What the task requires = Leaving out the pictures, return word for word the stretch of entries below from the line holding "据网友线索投递,今日,苹果推送了iOS 15 Public" through the line holding "2が気になる。でも、5,000円高いだけならAirPods Max USB-Cで十分では?」".

Stored items from a collection:
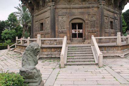 左塔的须弥座上刻着:“右南厢梁安家室柳三娘,舍钱造宝塔二座,同祈平安。绍兴乙丑(绍兴十五年,1145年)七月题。王思问舍钱三十贯,乙酉重修。” 实际上,这双波罗门金涂式石塔是复制品,原来的石塔已被坍塌的百年古树压碎。 根据资料,1982年8月,台风刮倒泉州开元寺拜庭的巨榕,榕树压倒石塔。后来,塔中清理出五代时期泉州刺史王继勋等善信捐资雕刻的佛顶尊胜陀罗经幢。又清理出银质鎏金观音像,背面刻“泉州右南厢宣明坊女弟子柳三娘,与夫主梁安共舍宝塔一座,并永充供奉。 大殿后面,我们在中轴线的第二个台阶上就可看到戒坛,这是佛教徒受戒的地方,这种神秘肃穆的氛围,令人敬畏,令人看破红尘,令人一心皈依。而这里的戒坛也称为“甘露戒坛”。据说,唐代此地经常降甘露,有一位叫行昭的和尚就在这里挖了一口井,井水清澈,且甜如甘露。直至北宋天禧三年(公元 1019年),后人在井上建坛,因此称为甘露戒坛。 越过戒坛之后就看到藏经阁,这里的藏经阁也称为“百宝楼”,表示珍藏佛家宝典之处。据悉为元代至元二十二年(公元1285年),僧录刘鉴义建造的。元、明时期已经过多次重修,至民国十四年(公元1925年)圆瑛和尚改建为水泥仿木结构的二层楼阁。
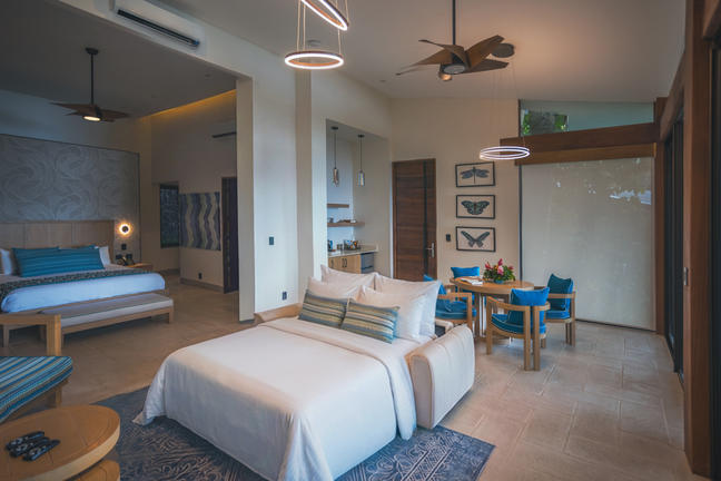 All immersed in nature, the Two-Bedroom Villas will be the perfect option for family or a party of six. A master bedroom with an ultra-comfortable king bed and a second bedroom with two queen beds bookend the large common areas. Each bedroom features an independent full bathroom.
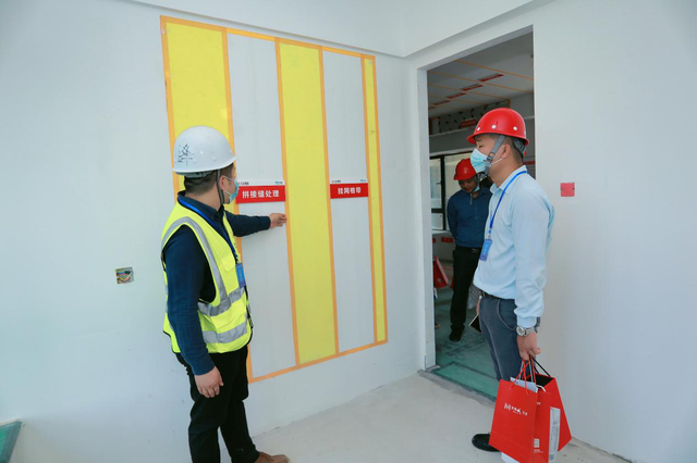 觀摩團(tuán)實(shí)地參觀了樣板引路區(qū)、3層實(shí)體質(zhì)量樣板區(qū)、地下綜合管線及地坪墻身樣板區(qū)和安全體驗(yàn)區(qū)4個(gè)展示區(qū),通過專人講解和答疑、展板介紹、實(shí)地體驗(yàn)等多種方式集中了解了項(xiàng)目裝配式特色和質(zhì)量成果。
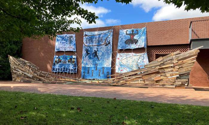 Human Cargo, 2021, repurposed lumbar and hardware, 8 x 47 x 6 ft. / 96 x 564 x 72 in.
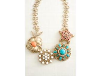 A fearless and fun brass chain with four acrylic bead-accented rosettes and a Czech crystal studded bird. 18.5" length w/2" extender. A fun and colorful piece from Stella & Dot's Palm beach collection!
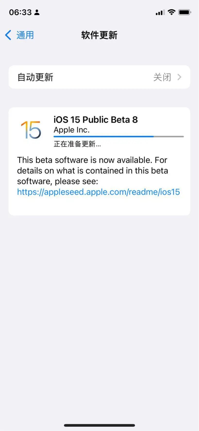 据网友线索投递,今日,苹果推送了iOS 15 Public Beta 8,这可能是最后一个iOS 15的公测版。
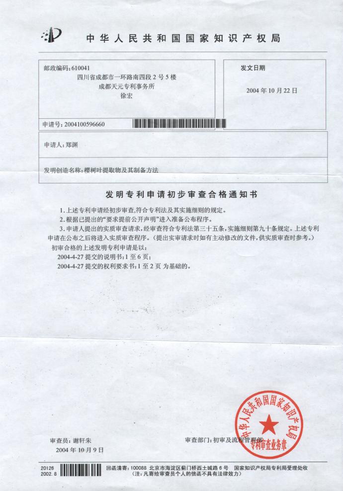 本发明公开了属蔷薇科的、叶可食用的樱树叶提取物及其制备方法,樱树叶的乙醇提取物包括樱之素和樱膏,其制备方法主要包括:盐渍樱叶、干燥、粉碎、萃取和浓缩等几个步骤;这三种提取物可广泛应用于食品、酒类、日用化工、制药及保健品技术领域;它们充分保存了樱花树叶的特有组份及特殊香味;该樱树提取物,绿色环保,适口性好,在迎合了日本人传统的饮食消费习惯的同时,还符合绿色、纯天然的国际消费时尚;本发明属于食用樱树叶深度开发技术领域基础性、首创性发明,开创了一个全新的技术领域,对樱树叶进行深度开发并进行综合利用,产品全部出口日本,并形成了对日本同行业巨大的技术优势。
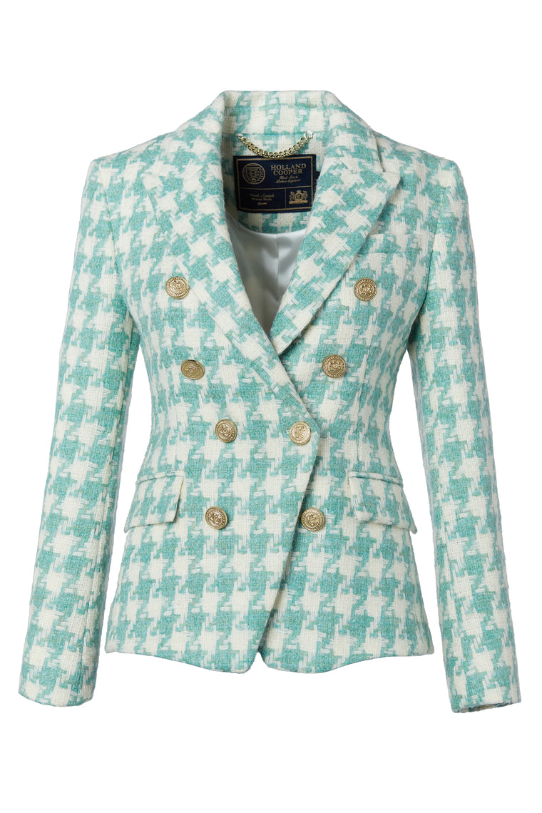 Perfectly blending a modern and vintage aesthetic, this jacket has been crafted with a slightly cropped, easy fit with articulated sleeves. The collarless feature adds a touch of versatility, making it the perfect pairing for shirts, dresses and high-neck tops. Bluff pockets on the chest with fictional pocket flaps, alongside lower side entry welt pockets, enhance its chic aesthetic. Finished with our signature Holland Cooper gold hardware, this jacket seamlessly blends timeless elegance with contemporary flair.
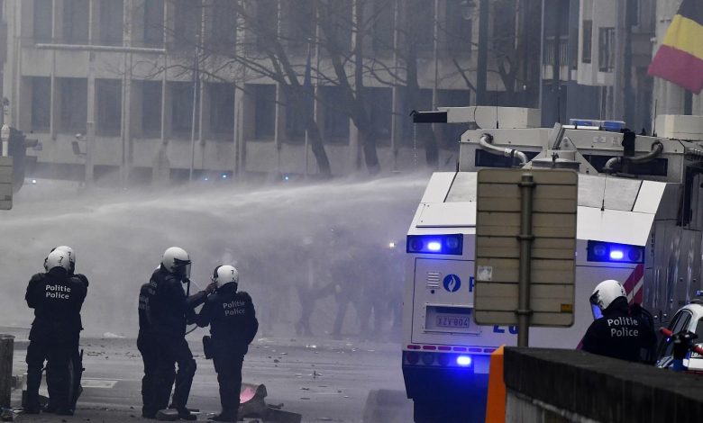 الشرطة البلجيكية تستخدم الغاز المسيل للدموع و خراطيم المياه لتفريق محتجين على قيود كورونا
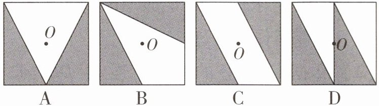 9 [2024广州中考]下列图案中,点$O$为正方形的中心,阴影部分的两个三角形全等,则阴影部分的两个三角形关于点$O$对称的是(
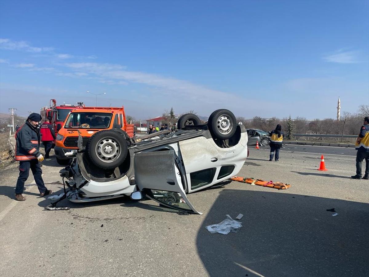 Çarpışmanın etkisiyle araçlardan biri yol kenarına devrildi, diğeri bariyerlere çarparak durdu.
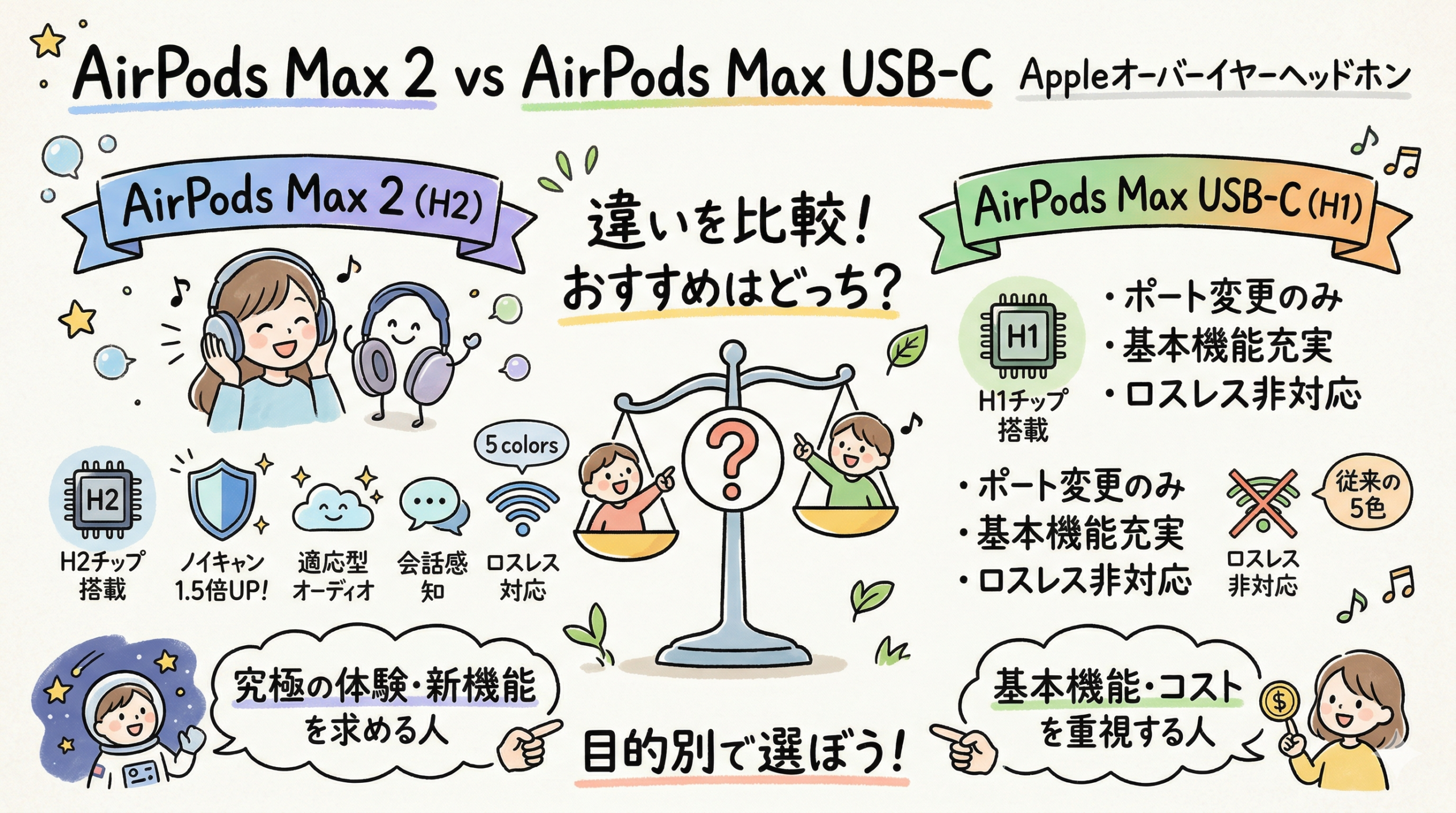 「AirPods Max 2が気になる。でも、5,000円高いだけならAirPods Max USB-Cで十分では?」
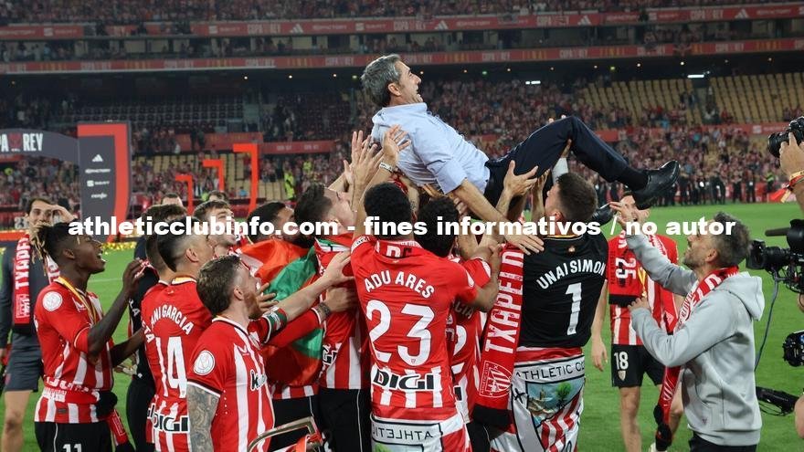 El técnico rojiblanco lució durante la celebración una camiseta en la que aparecía la imagen de Jonan Ordorika, reconocido productor y técnico de sonido, fallecido el pasado agosto y gran amigo de Valverde, junto a una gabarra y la palabra txapeldunak. Se conocieron cuando Valverde jugaba en el Barcelona y desde entonces, forjaron una gran amistad que luego se vio fortalecida cuando Ernesto empezó a formar parte del Althletic, el equipo del alma de Jonan, del que fue socio durante 48 años. Y aunque no pudo ver a Muniain levantar la Copa, estuvo muy presente durante las celebraciones.
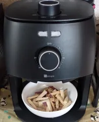 初のノンオイルフライヤー、結構難しかったです。レシピについていた10品はもう少し慣れたらと思い、パッケージにのっているポテトフライをサツマイモで作ってみようと思ったら、レシピなく。冷凍のポテトフライは時間と温度だけ説明書にあるが、網とかの付属品使うのか?分量は?全くわからず。とりあえずパッケージみる
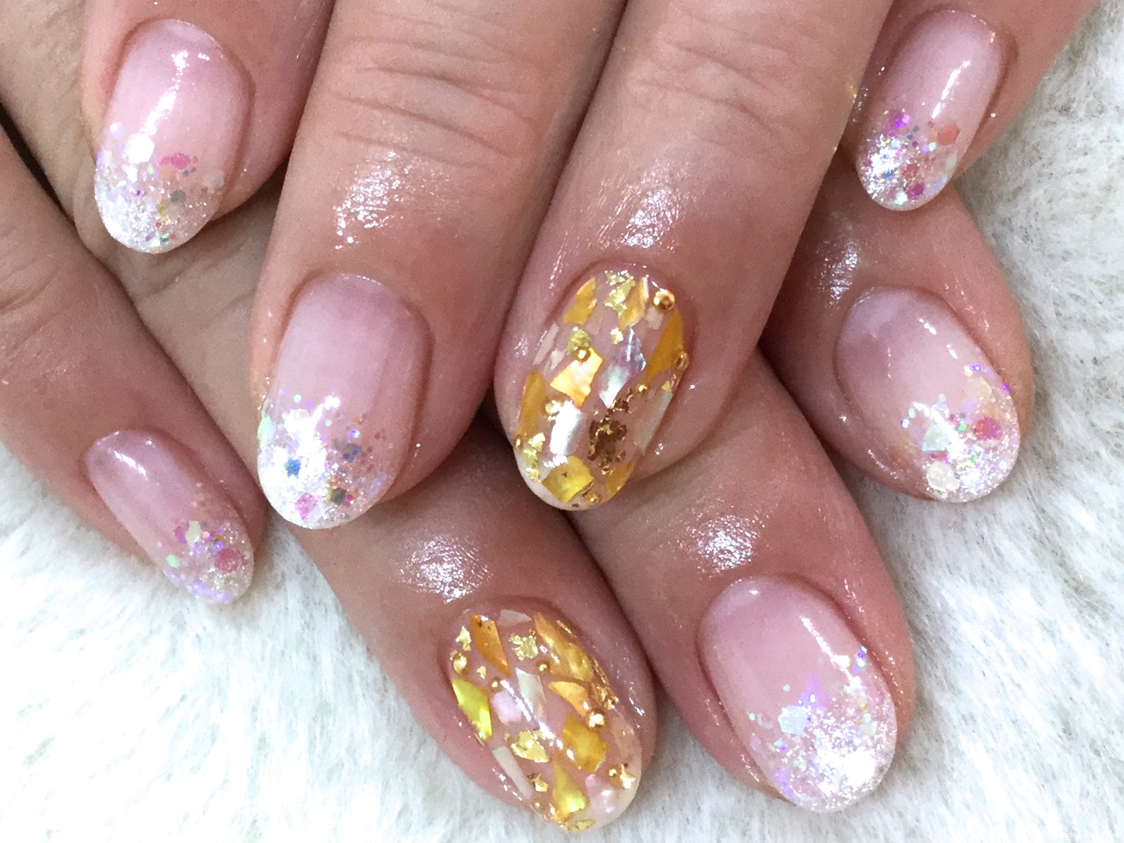 綺麗な水色グラデーション♬キラキラビジュー♡

Answer below =
 据网友线索投递,今日,苹果推送了iOS 15 Public Beta 8,这可能是最后一个iOS 15的公测版。
 本发明公开了属蔷薇科的、叶可食用的樱树叶提取物及其制备方法,樱树叶的乙醇提取物包括樱之素和樱膏,其制备方法主要包括:盐渍樱叶、干燥、粉碎、萃取和浓缩等几个步骤;这三种提取物可广泛应用于食品、酒类、日用化工、制药及保健品技术领域;它们充分保存了樱花树叶的特有组份及特殊香味;该樱树提取物,绿色环保,适口性好,在迎合了日本人传统的饮食消费习惯的同时,还符合绿色、纯天然的国际消费时尚;本发明属于食用樱树叶深度开发技术领域基础性、首创性发明,开创了一个全新的技术领域,对樱树叶进行深度开发并进行综合利用,产品全部出口日本,并形成了对日本同行业巨大的技术优势。
 Perfectly blending a modern and vintage aesthetic, this jacket has been crafted with a slightly cropped, easy fit with articulated sleeves. The collarless feature adds a touch of versatility, making it the perfect pairing for shirts, dresses and high-neck tops. Bluff pockets on the chest with fictional pocket flaps, alongside lower side entry welt pockets, enhance its chic aesthetic. Finished with our signature Holland Cooper gold hardware, this jacket seamlessly blends timeless elegance with contemporary flair.
 الشرطة البلجيكية تستخدم الغاز المسيل للدموع و خراطيم المياه لتفريق محتجين على قيود كورونا
 9 [2024广州中考]下列图案中,点$O$为正方形的中心,阴影部分的两个三角形全等,则阴影部分的两个三角形关于点$O$对称的是(
 Çarpışmanın etkisiyle araçlardan biri yol kenarına devrildi, diğeri bariyerlere çarparak durdu.
 「AirPods Max 2が気になる。でも、5,000円高いだけならAirPods Max USB-Cで十分では?」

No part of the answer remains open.